- [Exercise directions] Reproduce precisely the lines of the material below from the line containing "3 x 1 mark banknoty" up to and including its last line. Pictures must not be copied.
BEGIN
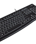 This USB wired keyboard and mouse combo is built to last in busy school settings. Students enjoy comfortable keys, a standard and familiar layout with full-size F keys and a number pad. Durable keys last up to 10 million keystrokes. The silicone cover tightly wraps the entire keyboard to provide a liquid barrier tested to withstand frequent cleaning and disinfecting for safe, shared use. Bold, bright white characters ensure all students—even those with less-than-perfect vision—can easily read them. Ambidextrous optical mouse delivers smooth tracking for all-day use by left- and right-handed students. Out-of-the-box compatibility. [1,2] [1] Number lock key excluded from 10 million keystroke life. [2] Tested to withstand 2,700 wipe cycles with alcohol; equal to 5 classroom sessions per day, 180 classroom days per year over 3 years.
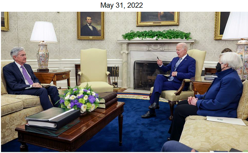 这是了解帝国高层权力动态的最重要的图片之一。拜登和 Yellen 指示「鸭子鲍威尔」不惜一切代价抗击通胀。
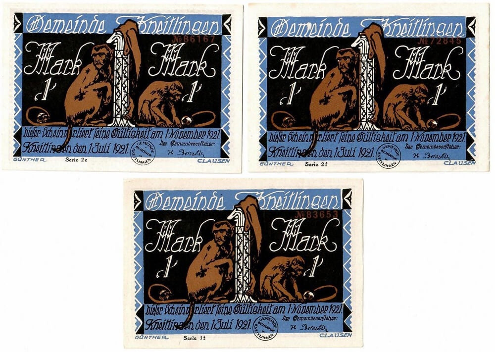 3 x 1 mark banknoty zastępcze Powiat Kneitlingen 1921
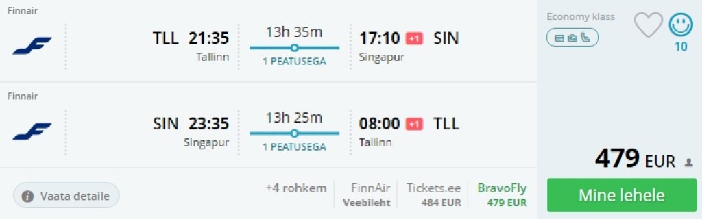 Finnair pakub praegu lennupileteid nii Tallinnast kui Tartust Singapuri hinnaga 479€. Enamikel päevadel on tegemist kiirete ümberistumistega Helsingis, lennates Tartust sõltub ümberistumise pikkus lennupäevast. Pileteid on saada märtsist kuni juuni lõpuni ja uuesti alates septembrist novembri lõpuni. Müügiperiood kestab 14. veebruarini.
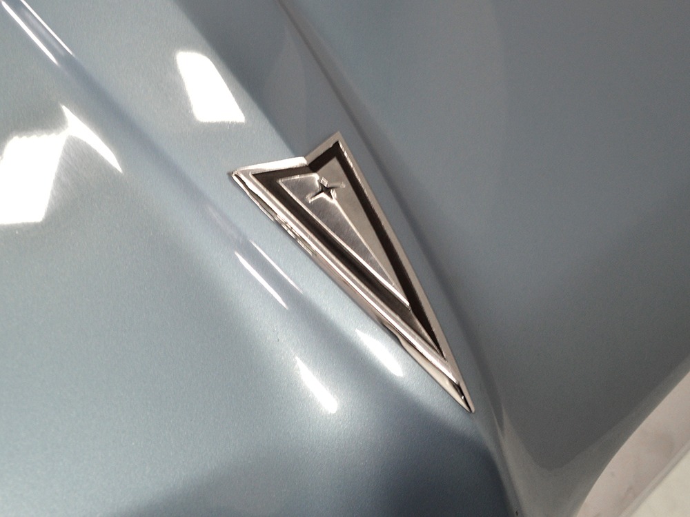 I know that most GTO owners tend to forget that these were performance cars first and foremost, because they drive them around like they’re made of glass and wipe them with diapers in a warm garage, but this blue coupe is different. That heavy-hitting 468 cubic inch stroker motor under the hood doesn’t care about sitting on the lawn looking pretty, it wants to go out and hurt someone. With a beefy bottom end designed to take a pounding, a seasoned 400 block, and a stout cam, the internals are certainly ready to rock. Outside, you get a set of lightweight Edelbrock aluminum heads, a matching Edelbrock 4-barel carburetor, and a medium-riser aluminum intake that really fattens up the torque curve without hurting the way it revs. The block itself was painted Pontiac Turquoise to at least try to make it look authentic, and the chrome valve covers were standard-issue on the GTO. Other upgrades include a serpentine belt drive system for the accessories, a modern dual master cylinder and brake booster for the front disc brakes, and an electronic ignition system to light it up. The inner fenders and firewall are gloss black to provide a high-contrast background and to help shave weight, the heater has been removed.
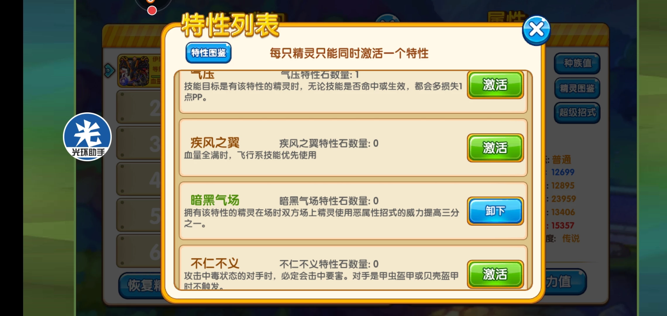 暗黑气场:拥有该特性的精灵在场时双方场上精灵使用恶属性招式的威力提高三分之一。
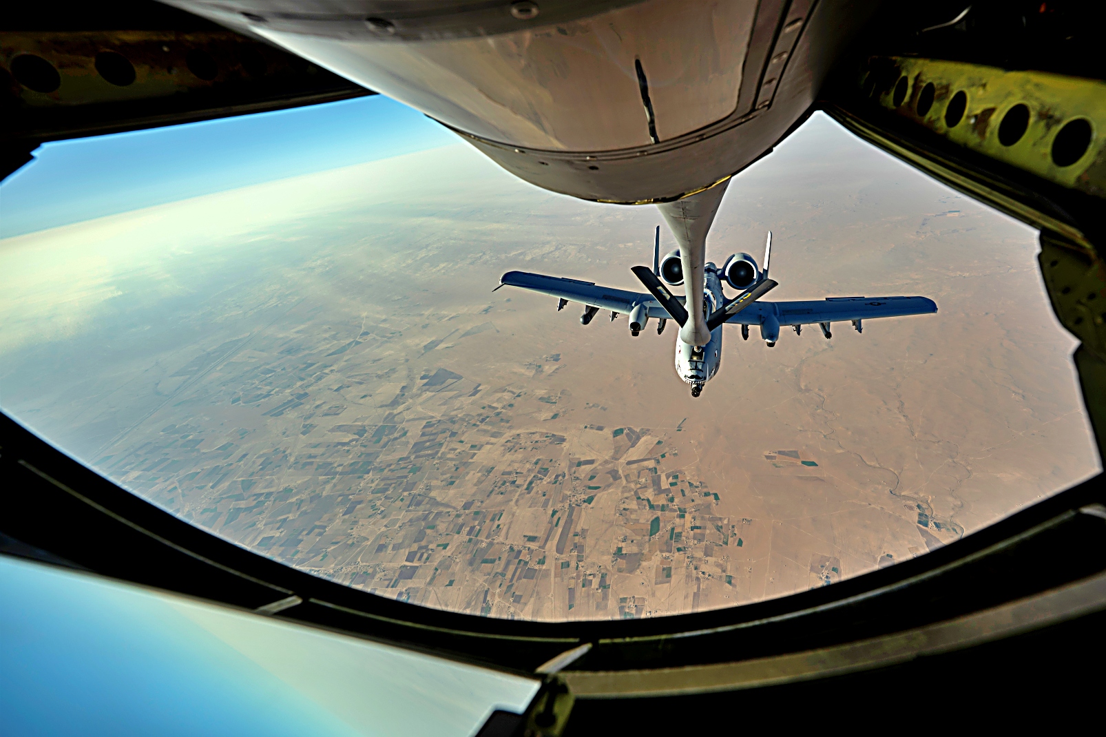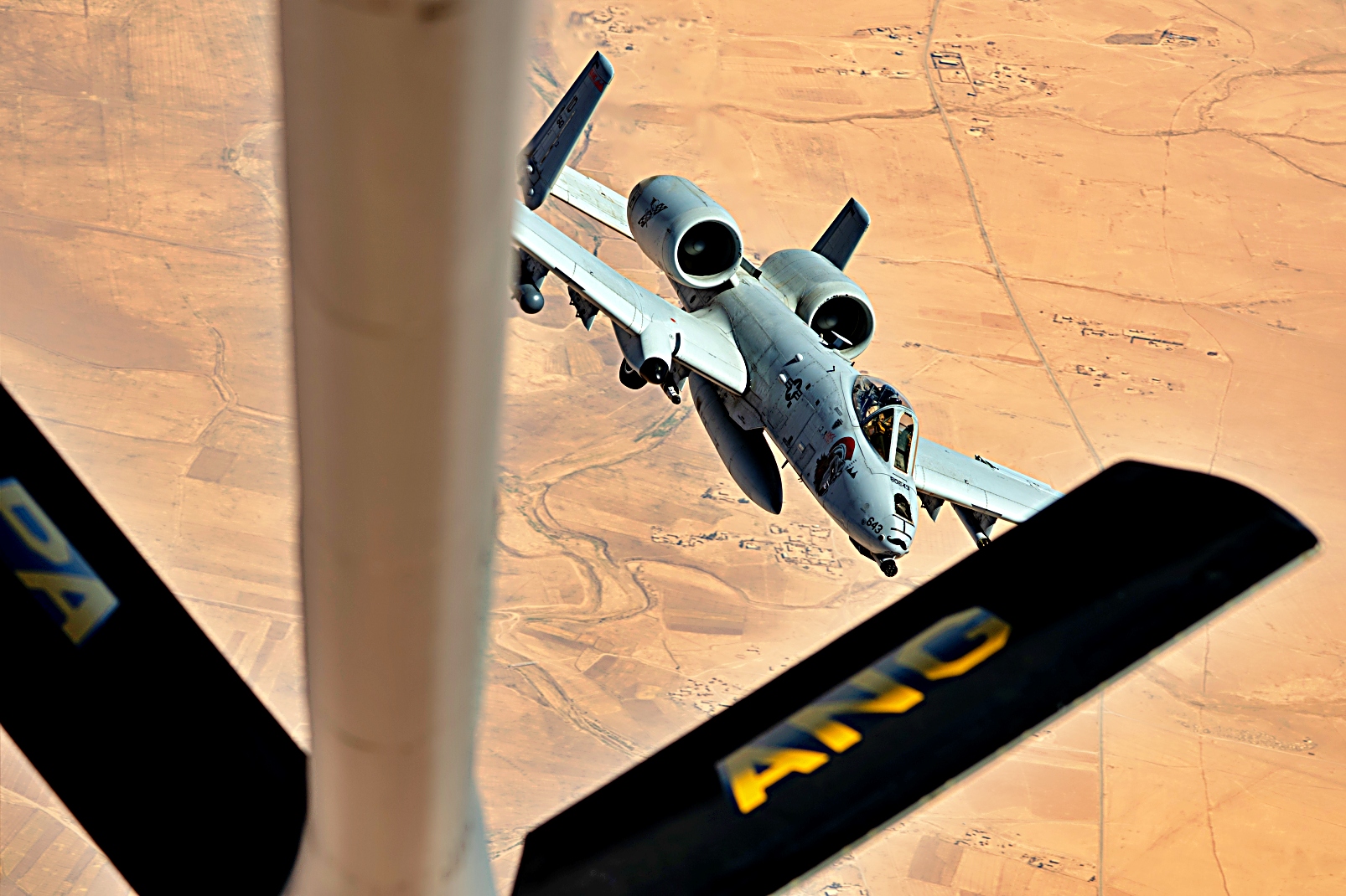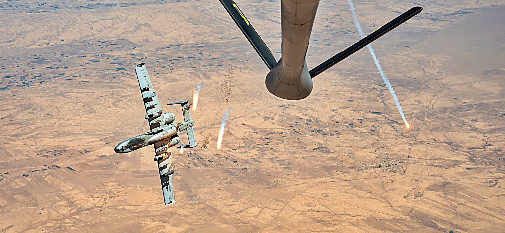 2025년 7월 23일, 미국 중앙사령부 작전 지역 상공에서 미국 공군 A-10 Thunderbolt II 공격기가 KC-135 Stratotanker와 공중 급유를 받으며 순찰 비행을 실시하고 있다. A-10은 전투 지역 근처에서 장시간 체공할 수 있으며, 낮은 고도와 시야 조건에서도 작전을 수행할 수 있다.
END
- [Solved problem]
 3 x 1 mark banknoty zastępcze Powiat Kneitlingen 1921
 Finnair pakub praegu lennupileteid nii Tallinnast kui Tartust Singapuri hinnaga 479€. Enamikel päevadel on tegemist kiirete ümberistumistega Helsingis, lennates Tartust sõltub ümberistumise pikkus lennupäevast. Pileteid on saada märtsist kuni juuni lõpuni ja uuesti alates septembrist novembri lõpuni. Müügiperiood kestab 14. veebruarini.
 I know that most GTO owners tend to forget that these were performance cars first and foremost, because they drive them around like they’re made of glass and wipe them with diapers in a warm garage, but this blue coupe is different. That heavy-hitting 468 cubic inch stroker motor under the hood doesn’t care about sitting on the lawn looking pretty, it wants to go out and hurt someone. With a beefy bottom end designed to take a pounding, a seasoned 400 block, and a stout cam, the internals are certainly ready to rock. Outside, you get a set of lightweight Edelbrock aluminum heads, a matching Edelbrock 4-barel carburetor, and a medium-riser aluminum intake that really fattens up the torque curve without hurting the way it revs. The block itself was painted Pontiac Turquoise to at least try to make it look authentic, and the chrome valve covers were standard-issue on the GTO. Other upgrades include a serpentine belt drive system for the accessories, a modern dual master cylinder and brake booster for the front disc brakes, and an electronic ignition system to light it up. The inner fenders and firewall are gloss black to provide a high-contrast background and to help shave weight, the heater has been removed.
 暗黑气场:拥有该特性的精灵在场时双方场上精灵使用恶属性招式的威力提高三分之一。
 2025년 7월 23일, 미국 중앙사령부 작전 지역 상공에서 미국 공군 A-10 Thunderbolt II 공격기가 KC-135 Stratotanker와 공중 급유를 받으며 순찰 비행을 실시하고 있다. A-10은 전투 지역 근처에서 장시간 체공할 수 있으며, 낮은 고도와 시야 조건에서도 작전을 수행할 수 있다.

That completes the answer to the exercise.